### Problem
Set down exactly the lines below, starting at the one that contains "O tej porze" and ending at the one that contains "- 【Value Kit】The", with both of those lines included and nothing else.

Start of The input

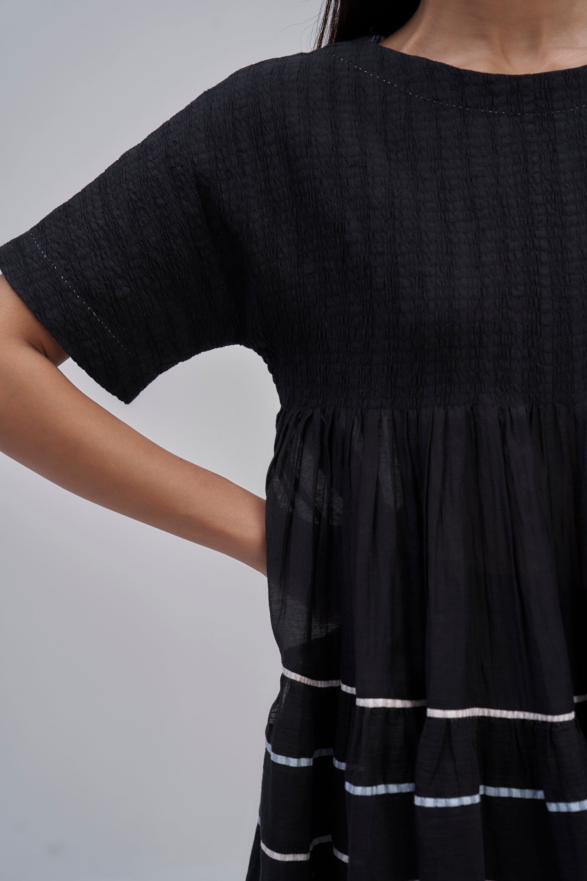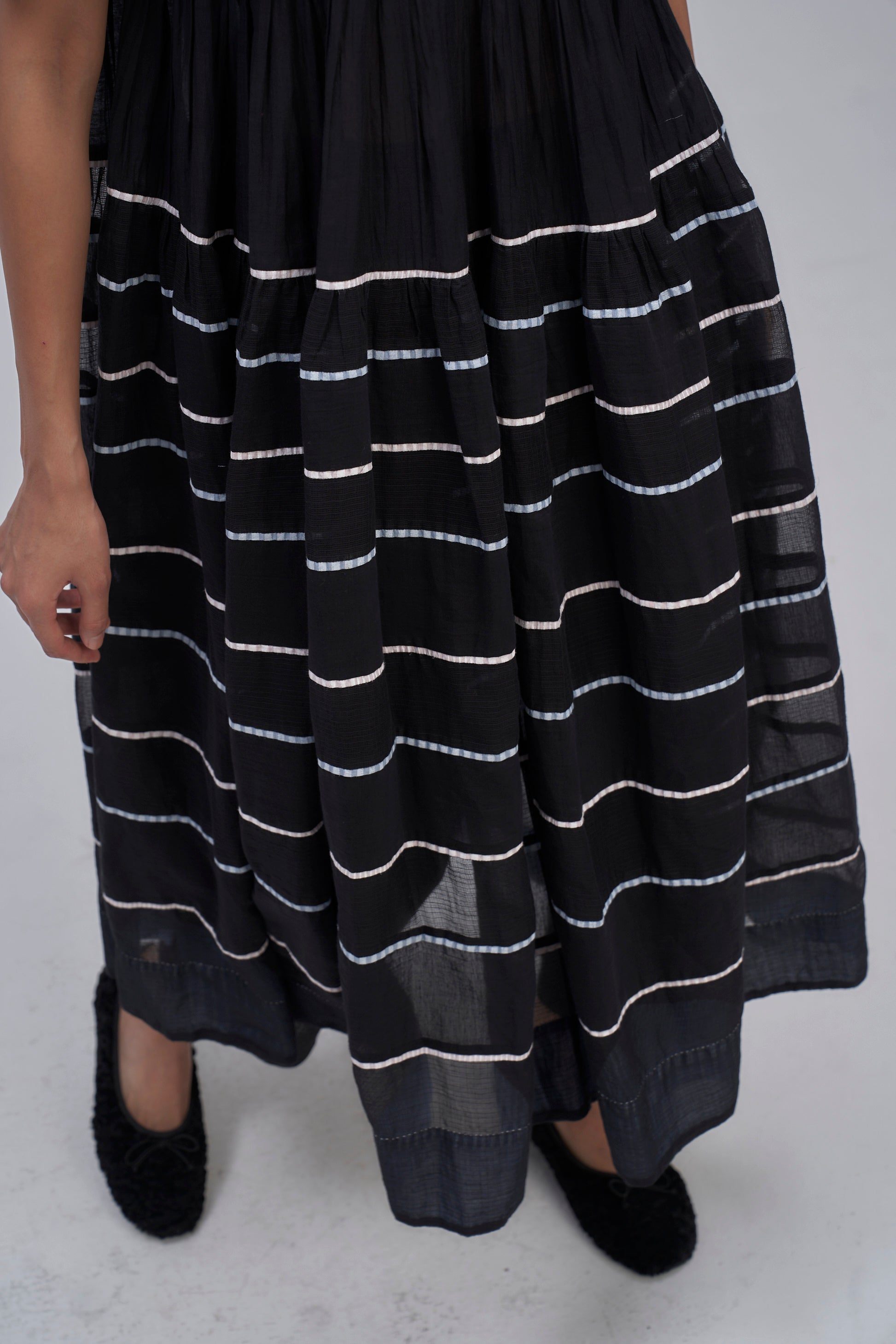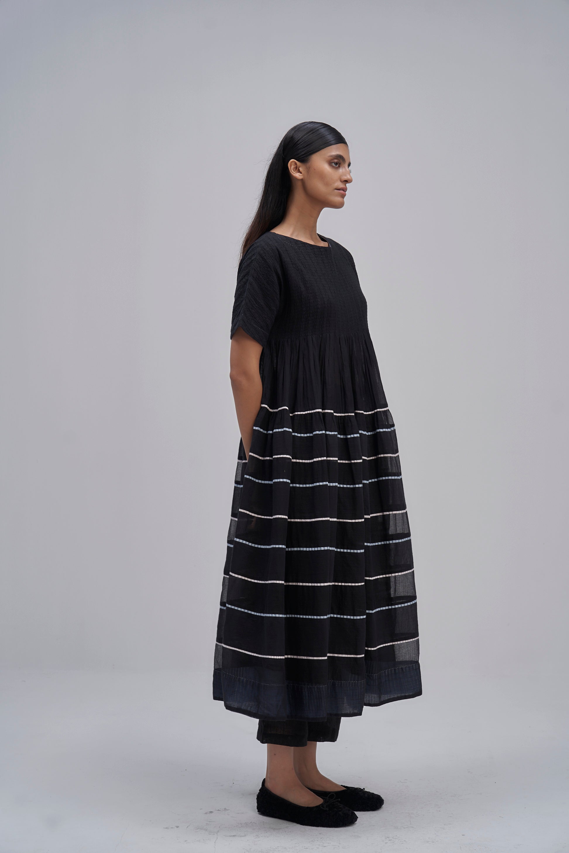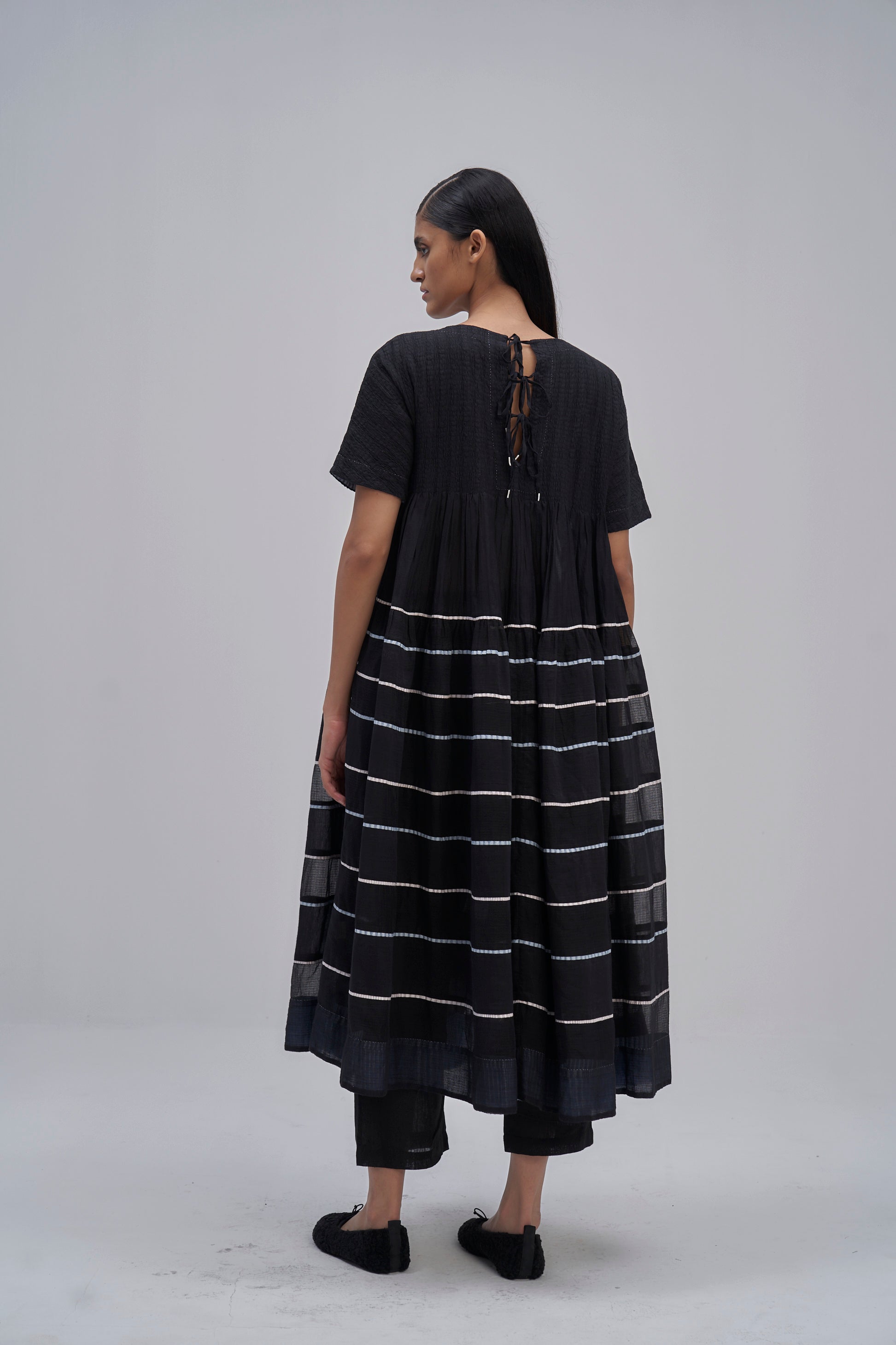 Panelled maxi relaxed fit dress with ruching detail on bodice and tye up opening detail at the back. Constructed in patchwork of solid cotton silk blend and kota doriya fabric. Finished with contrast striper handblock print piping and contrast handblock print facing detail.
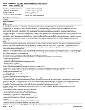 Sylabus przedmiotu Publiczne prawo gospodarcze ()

End of The input
Start of The input

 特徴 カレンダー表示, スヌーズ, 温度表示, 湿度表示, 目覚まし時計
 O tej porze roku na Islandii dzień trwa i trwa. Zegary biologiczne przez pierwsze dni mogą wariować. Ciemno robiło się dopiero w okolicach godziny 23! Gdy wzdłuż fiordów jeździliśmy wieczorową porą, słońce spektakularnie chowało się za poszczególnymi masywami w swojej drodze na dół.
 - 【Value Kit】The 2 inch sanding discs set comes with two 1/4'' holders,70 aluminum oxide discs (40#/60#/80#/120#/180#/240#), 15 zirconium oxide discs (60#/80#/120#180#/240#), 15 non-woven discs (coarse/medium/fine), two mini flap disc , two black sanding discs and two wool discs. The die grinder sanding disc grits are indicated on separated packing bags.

End of The input

### Response area
 O tej porze roku na Islandii dzień trwa i trwa. Zegary biologiczne przez pierwsze dni mogą wariować. Ciemno robiło się dopiero w okolicach godziny 23! Gdy wzdłuż fiordów jeździliśmy wieczorową porą, słońce spektakularnie chowało się za poszczególnymi masywami w swojej drodze na dół.
 - 【Value Kit】The 2 inch sanding discs set comes with two 1/4'' holders,70 aluminum oxide discs (40#/60#/80#/120#/180#/240#), 15 zirconium oxide discs (60#/80#/120#180#/240#), 15 non-woven discs (coarse/medium/fine), two mini flap disc , two black sanding discs and two wool discs. The die grinder sanding disc grits are indicated on separated packing bags.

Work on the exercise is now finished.